World news, August 11 2015

Nursing stories from around the world


Barbados is tightening its rules on re-registration and from next year will require nurses to present evidence that their training and skills are up to date.

Health minister John Boyce said the country’s Nursing Council was finalising requirements for the new regulations, which should be in place by January.

He said: ‘Support for renewal of registration for nurses and midwives in Barbados on presentation of evidence of continuing professional education activities is predicated on the fact that lifelong learning is an essential component of continued professional competence.’


A hospital in Australia is being sued by a nurse who claims she developed serious neck injuries because she had to lift patients and oxygen cylinders during times of staff shortages.

The nurse says she was supposed to spend only 5% of her time on clinical work at Ipswich Hospital in Queensland, but was regularly ordered to do much more than that.  

She says she repeatedly submitted requests to her bosses for extra staff, and is seeking damages. West Moreton Hospital and Health, which manages the hospital, said it was unable to comment because legal proceedings were ongoing. 

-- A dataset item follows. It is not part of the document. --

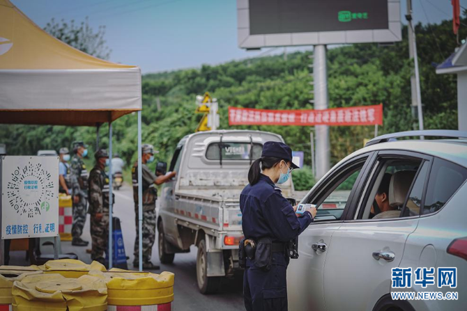 执勤点民警在疫情执勤点对过往车辆及人员信息进行检查。

Nurses in Sweden have expressed concern about maternity services after it took ambulance workers 90 minutes to find a hospital that would take a woman who was in labour.

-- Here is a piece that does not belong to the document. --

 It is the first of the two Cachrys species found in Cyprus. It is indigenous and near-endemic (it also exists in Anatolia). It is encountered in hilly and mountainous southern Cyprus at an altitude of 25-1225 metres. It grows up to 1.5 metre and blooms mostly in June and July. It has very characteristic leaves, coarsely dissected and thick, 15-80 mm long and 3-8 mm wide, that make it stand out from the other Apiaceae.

Paramedics in Söderhamn contacted six maternity units in neighbouring regions, all of which were full, before they eventually found a unit able to take the woman.

Anders Olsson, a journalist for the Vårdförbundet union, which represents nurses and midwives, said that staffing shortages were a factor. ‘In an open letter to a newspaper, midwives have said they feel angry, powerless, sad and aggrieved,’ he said. ‘They explain that they called last spring for a meeting to make management aware of upcoming staffing problems.’